That was it. These people had thrown me lightyears beyond my comfort zone. There was a line, and I was drawing it, underlining it and etching it into stone. We waited for the group outside. Happily within the aforementioned ‘etched-in-stone’ perimeter of my comfort zone.
Maybe someday we’ll regret not putting our two euro coins into what is basically a porn vending machine to open a curtain and see two people doing it on a spinning stage, but that’s a chance I’m willing to take.
When one of our tour companions overheard Pat and I (mostly me) talking about how UTTERLY AND COMPLETELY shocked we were, she laughed and asked us, “Did you not know what you were getting into!?” to which I responded, in what I imagine to be an incredibly judgey tone, “And you DID?!”
Hey, I get it. To each their own. All I’m saying is it would have been nice to have been appropriately prepared for a tour like that, with several glasses of wine beforehand. Yep, folks, we had to go through the entire ordeal stone. cold. sober.
Needless to say, several glasses of wine came afterwards, and we all came out okay. Actually, some of the tour was pretty interesting, and watching the drunk tourists staggering down the street gawking at girls in the window was incredibly entertaining.
We also did a regular (non-sexual) SANDEMANs walking tour, because it’s basically become a habit for us at this point. This one was by far my favorite. Our tour guide, Julian, was fantastic, and really connected us with the history and culture of Amsterdam.
Most importantly, though, he helped us not get killed by a bicycle. These two-wheeled death machines are the locals’ primary mode of transportation, and if you don’t have your wits about you, you WILL get hit and it WILL hurt.
Remember how I said the Dutch were ‘soOooOo friendly’? That’s until they get on a bike. I’m serious. No matter how non-touristy you think you look, they will know, and they will hit you. Stay on the sidewalk, or accept your fate.
Are those houses leaning, or were we at that coffee shop too long?
I’m not going to beat around the bush here. We thoroughly enjoyed Amsterdam’s ‘coffee shops’ during our visit.
Now, let’s all take a deep breath and move past that, because I’m not here to argue what’s what when it comes to pot legalization with you.
ANYWAY, one of the biggest things we noticed about the canal houses in Amsterdam was that a lot of them were leaning a little bit, in one way or another. Some of the houses were leaning to the side, which is a result of rotting wood foundations. Historically, canal houses in Amsterdam were built on wooden foundation piles that were driven deep into the clay and water until they reached the first layer of solid sand. Nowadays, reinforced concrete piles are used, but the vast majority of houses in the historic center still rest on timber piles. To avoid rotting, the water level has to be carefully maintained (climate change is a bitch), which is costing homeowners a lot of money. Replacing a rotten foundation costs about €100.000 per building, so it’s understandable that many homeowners will put it off for as long as is safely possible.
Other houses are leaning forward into the street, as if they’re about to topple over right in front of you.
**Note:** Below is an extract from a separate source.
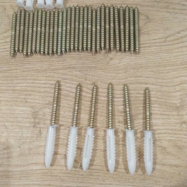 Cách lắp: dùng mũi khoan bê tông phi 10 khoan ngập nở tắc kê, đóng nở vào tường , dùng kìm hoặc khoan văn den vào nở, đóng trực tiếp kệ gỗ vào ren là xong.

But that’s actually on purpose. Back in the day, Amsterdam had a bad flooding problem, so you couldn’t store anything in the lower levels of the home. Many of these homes had very narrow, steep staircases, which made moving bigger items from the lower to higher floors incredibly difficult. For that reason, you will see a protruding beam and hook on the roof of several homes, where they would use a pulley system to bring items upstairs. In order to prevent the ascending items from colliding with the building, they were built with a forward incline.
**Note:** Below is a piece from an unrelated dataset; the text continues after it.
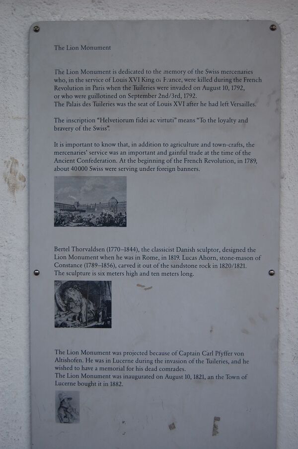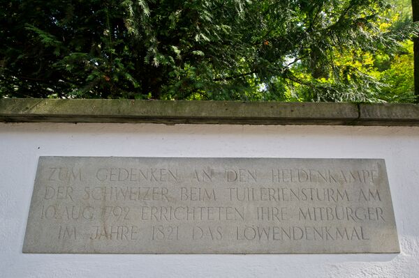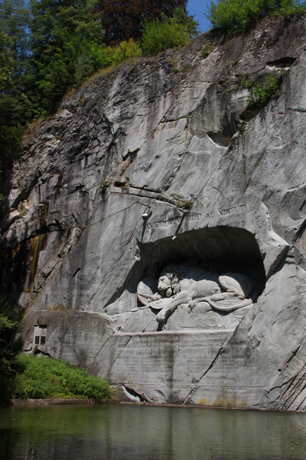 Над барельефом в скале высечена латинская надпись HELVETIORUM FIDEI AC VIRTUTI «Верности и отваге швейцарцев»; ниже барельефа — латинские цифры 760 и 350, соответствующие числу павших и уцелевших воинов. У подножия монумента в камне вырезаны имена солдат и офицеров, отдавших жизни во имя исполнения долга.

Today, it’s ‘illegal’ to use the pulleys to hoist things up into buildings, but as with most things in Amsterdam, the term ‘illegal’ is more of a suggestion. At some point, you’ll probably see a flat-screen TV flying through the air on its way to the third floor bedroom. Don’t be alarmed.
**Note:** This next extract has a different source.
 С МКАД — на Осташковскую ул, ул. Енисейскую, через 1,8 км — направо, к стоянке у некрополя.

Pancakes should become a food group during your visit to Amsterdam. They’re sort of like a crepe on steroids. You can get them sweet or savory, and they’re delicious. The Pancake Bakery has the best ones, in our opinion, but really, you can’t go wrong.
Did I mention brunch?
Amsterdam’s famous concentric web of canals is known as the grachtengordel (I don’t know how to pronounce it either, so I can’t help you). The Canal Ring, which is one of Europe’s most historically intact neighborhoods and a UNESCO heritage site, was originally a 17th-century expansion plan for the rich. There are over 160 man-made canals to explore, and one of the best ways to do so is by boat.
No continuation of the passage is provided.